A lot of our thinking at edX about how to live in a multi-service world has been to try to keep everything about a service in the repo for that service. I know this doesn’t jibe with how things are organized today (for example, Ansible playbooks in a central repo), but it is where we’d like to go.
My own strategy for documentation is to try to keep the words near the things they describe. This makes it easier to keep the words in sync with the code, easier to find the words when they need updating, and easier to know the words exist and need updating!
It’s harder to find the words to read, but tooling can help solve that problem as part of the publication process.
So I’m not sure a centralized doc repo with settings for edx-platform is the best approach. What else could we do? Is there a reasonable way to document the edx-platform settings in the edx-platform repo?
Probably not. I also thought about that and decided we would be able to move the docs and tooling elsewhere once it is more mature. This gives us a better possibility to experiment and try things before deciding moving the content upstream.
I’m hoping that the docs for settings are not in separate .rst or .md files, but are in the .py (or whatever files) where the settings are defined or used. The closer the words are to the code, the more likely the words will be written and maintained.
Maybe we should start by making a fuller description of what we mean by “document the settings”: what settings, and what needs to be said about them?

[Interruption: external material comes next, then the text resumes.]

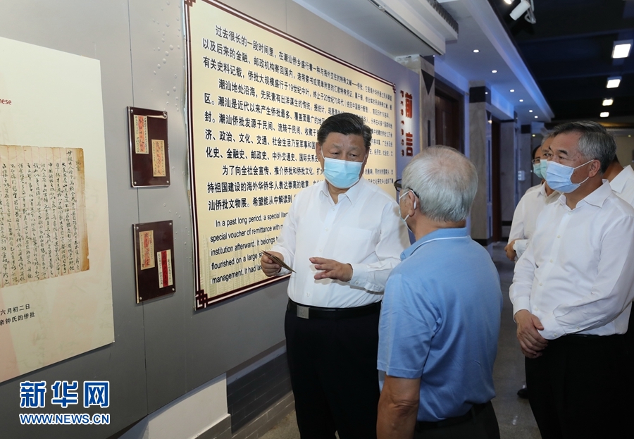 隨后,習(xí)近平參觀了具有潮汕僑鄉(xiāng)特色的僑批文物館。過去很長一段時(shí)間,海外華僑通過民間渠道將連帶家書或簡單附言的匯款憑證寄回國內(nèi),這些“僑批”成為研究近代華僑史的珍貴檔案。習(xí)近平聽取僑批歷史和潮汕華僑文化介紹。他強(qiáng)調(diào),“僑批”記載了老一輩海外僑胞艱難的創(chuàng)業(yè)史和濃厚的家國情懷,也是中華民族講信譽(yù)、守承諾的重要體現(xiàn)。要保護(hù)好這些“僑批”文物,加強(qiáng)研究,教育引導(dǎo)人們不忘近代我國經(jīng)歷的屈辱史和老一輩僑胞艱難的創(chuàng)業(yè)史,并推動(dòng)全社會(huì)加強(qiáng)誠信建設(shè)。潮汕地區(qū)是我國著名僑鄉(xiāng)。汕頭經(jīng)濟(jì)特區(qū)要根據(jù)新的實(shí)際做好“僑”的文章,加強(qiáng)海外華僑工作,引導(dǎo)和激勵(lì)他們?cè)谥С趾蛥⑴c祖國現(xiàn)代化建設(shè)、弘揚(yáng)中華文化、促進(jìn)祖國和平統(tǒng)一、密切中外交流合作等方面發(fā)揮更大作用。

Even if the docs are in each service’s repo though, can we have a single site that shows the rendered version of all the docs? (Ideally versioned by named release or master). Currently some docs are at Developer Documentation (edx.readthedocs.io/projects/edx-developer-docs) but that doesn’t include (things like) the autogenerated API documentation nor does it have links to each service’s documentation (ecommerce, credentials, discovery, blockstore, etc.) It’s also fairly out of date, e.g. “Options for Extending the edX Platform” does not mention django app plugins, [django] IDAs, nor microfrontends.
One of the ideas I enumerated in my documentation minifesto was to write words near the code, and then use tooling to publish the words where it was better for readers to find them.
There’s a lot to do to make that happen, including just deciding on the best approaches. OEP-19 Developer Documentation covers some of this, but it might need revisiting.